This geocache is one in a series called St. James Farm. When you find this cache, you can obtain a code needed to find the series final called:
St. James Farm Final
The Chicago Aurora & Elgin Railroad (CA&E) rumbled its way through two stops at St. James Farm during the early part of the 20th century. This line was sometimes called the “Great Third Rail” a 52 mile long trolley network that had a “third” rail which provided ground level 600-volt electricity that pushed railcars holding passengers and freight to speeds in excess of 65 miles per hour.
In 1900, the widow of Jude Gary, one of St. James Farm first settlers, saw a great financial opportunity with the new rail line and secured a deal that in return for a strip of land 100 feet wide the railroad would provide a stop with guaranteed minimum of five daily trains traveling in each direction. This stop became Gary Siding, a short stretch of track located north of the East Barn which most likely served as a milk stop for the Farm’s bustling dairy operations. The second St. James stop, Mont View, located at what is now the corner of Winfield and Butterfield Roads was popular for visitors who came to St. James Farm for business and pleasure.
In 1957, with the growing popularity of automobiles, CA&E halted passenger service midday and left 3,500 riders stranded in Chicago. Freight transportation stopped shortly after and the once popular line came to an end.
In the mid 1960’s, Morton Arboretum naturalist, May Watts and others lobbied communities and land owners to convert the abandoned lines into public multi-use trails. The result is the 62 mile long Illinois Prairie Path, the nation’s first rails-to-trails conversion which inspired many other similar paths across the country. Brooks McCormick generously donated the property and land easements on the Farm’s eastern boundary and along Butterfield Road perimeter which is widely used for recreation today. The original CA&E track line is marked by a line of utility poles which run through the forest preserve.
The Chicago Burlington and Quincy Railroad Company (CB&Q) started in 1849 as the Aurora Branch Railroad. CB&Q cabooses were known as waycars. The waycar at St. James Farm was built in the Aurora plant and release in 1906. Waycar 14351 was retired from service in 1970. Brooks McCormick bought it at a WTTW auction and placed it behind his log cabin. In the 1980’s it was moved one final time to rest here at the east farm. It was used as a secretary’s office during equestrian events.
1. This Geocache is placed on DuPage County Forest Preserve property with permission.
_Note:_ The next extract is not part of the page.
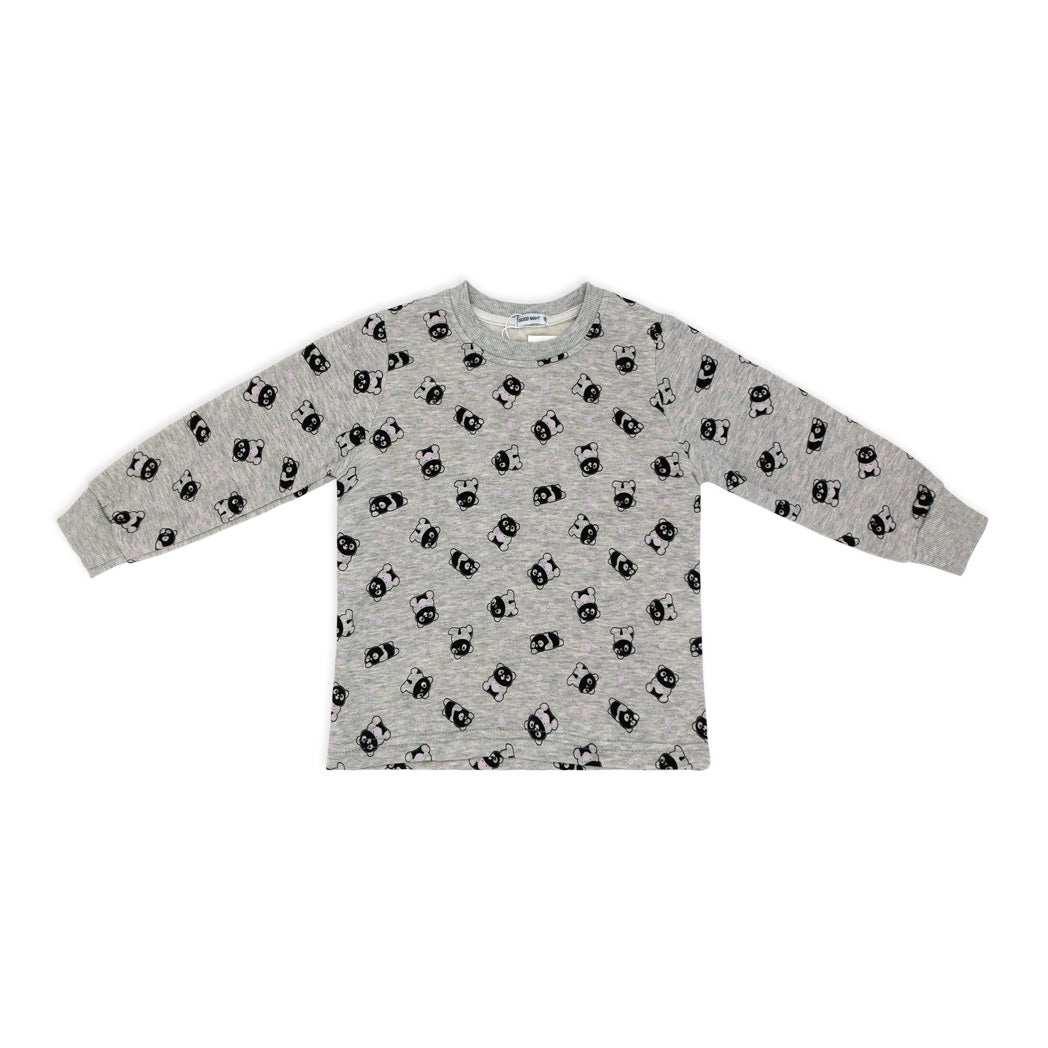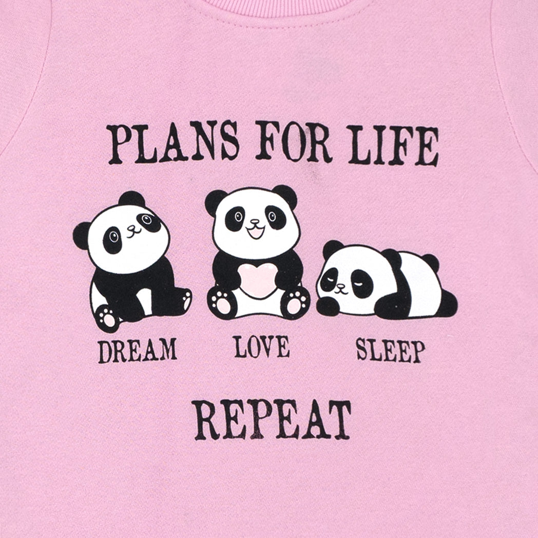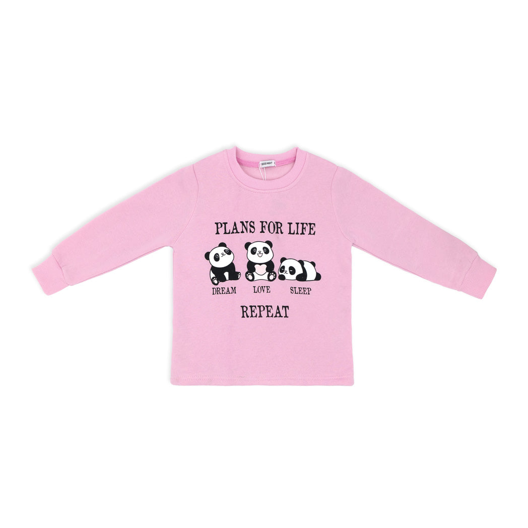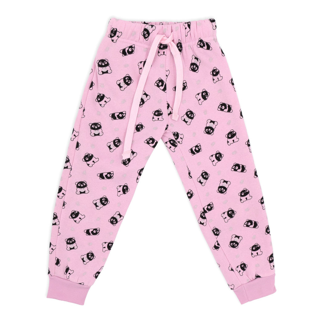 פיג'מת פוטר עבה לילדות בגווני ורוד ואפור עם הדפסי פנדות

Permit #321
2. Do not place the following items in the Geocache: Food items, inappropriate, offensive, or hazardous materials.
3. DuPage County Forest Preserve hours are 1 hour after sunrise until 1 hour after sunset. Preserve users must not be in the preserves after hours.
4. It is the visitor’s responsibility to be aware of the policies and rules pertaining to this preserve. For more information on preserve rules contact Visitor Services at (630) 933-7248.
5. All Statutes, Ordinances, rules and regulations pertaining to the Forest Preserve District of DuPage County are applicable.